Kid Power. Besides humans, you’ll have a chance to bid on airline tickets, art, tickets to sporting events and comedy shows, and even country club golf outings (but not to St. Andrews) at Saturday’s silent auction to benefit kids in Anacostia.

The event, being held at the tony Kalorama home of woman-about-town Juleanna Glover Weiss, is the first annual silent auction to raise money for Horton’s Kids, Inc., a nonprofit organization that provides services such as tutoring and mentoring to children of Anacostia.

The group’s board of directors is a bastion of odd bedfellows: Weiss, a conservative, who now works for former Attorney General John Ashcroft’s new lobbying firm, sits on the board with Chairman Matt Gelman, who was an aide to then-Rep. David Bonior (D-Mich.). (Gelman now works for Microsoft.) Karin Walser, the nonprofit’s founder and president, was a trusted aide to the late liberal Rep. Joe Moakley (D-Mass.). Ed Gillespie, former Republican National Committee chairman, sits on the board with veteran Democratic strategist Jim Jordan.
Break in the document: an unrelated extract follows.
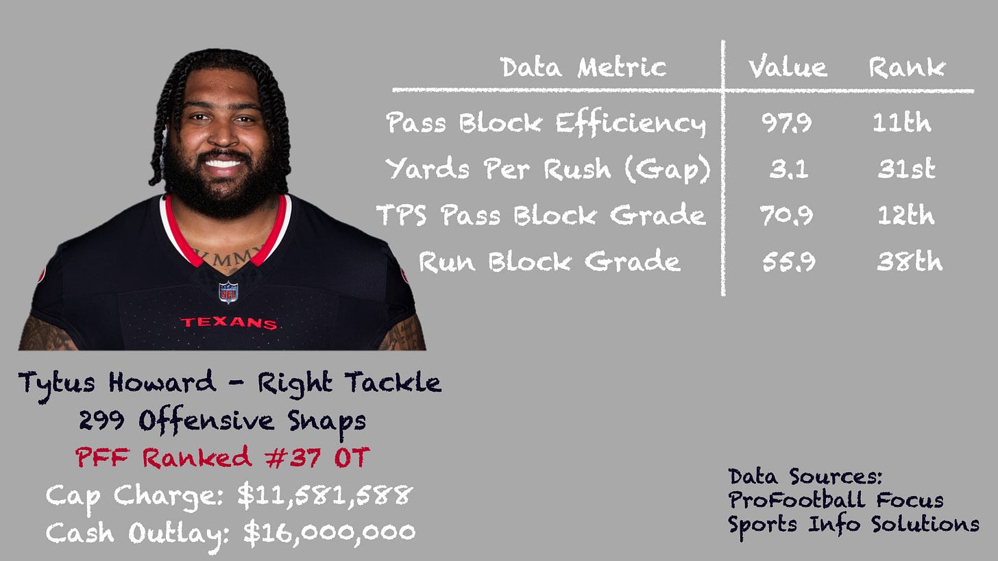 Now shifting over to right tackle (pun intended) the Houston Texans have 7th year veteran Tytus Howard. Howard has had a tulmuteous career in Houston marred by multiple positions across the offensive line over the past 6 seasons, including one game in 2025 at right guard.

Other board members include Dan Walsh of the Greenberg Traurig law firm, Autumn Hanna VandeHei, a former aide to DeLay, and Shanti Ochs Stanton, an aide to then-Rep. Richard Gephardt (D-Mo).

“Horton’s Kids has managed to bring together arch conservatives and lefty radicals all for the purpose of helping this group of charming children who live in Anacostia in the shadow of the United States Capitol building,” Walser said.

Luxury travel items listed in the auction booklet are as diverse as the board members themselves. They range from a trip to Walt Disney World donated by Disney and tickets to “The Late Show with David Letterman” and “The Daily Show with Jon Stewart,” donated by Viacom, to round-trip domestic airline tickets donated by American Airlines and Independence Air.

For the sports fan and golfer, the auction will include tickets to Nationals and Redskins games, golf at Congressional Country Club and Belle Haven and — hey, hey — a football autographed by former Buffalo Bill and vice presidential candidate Jack Kemp.

John Bresnahan contributed to this report.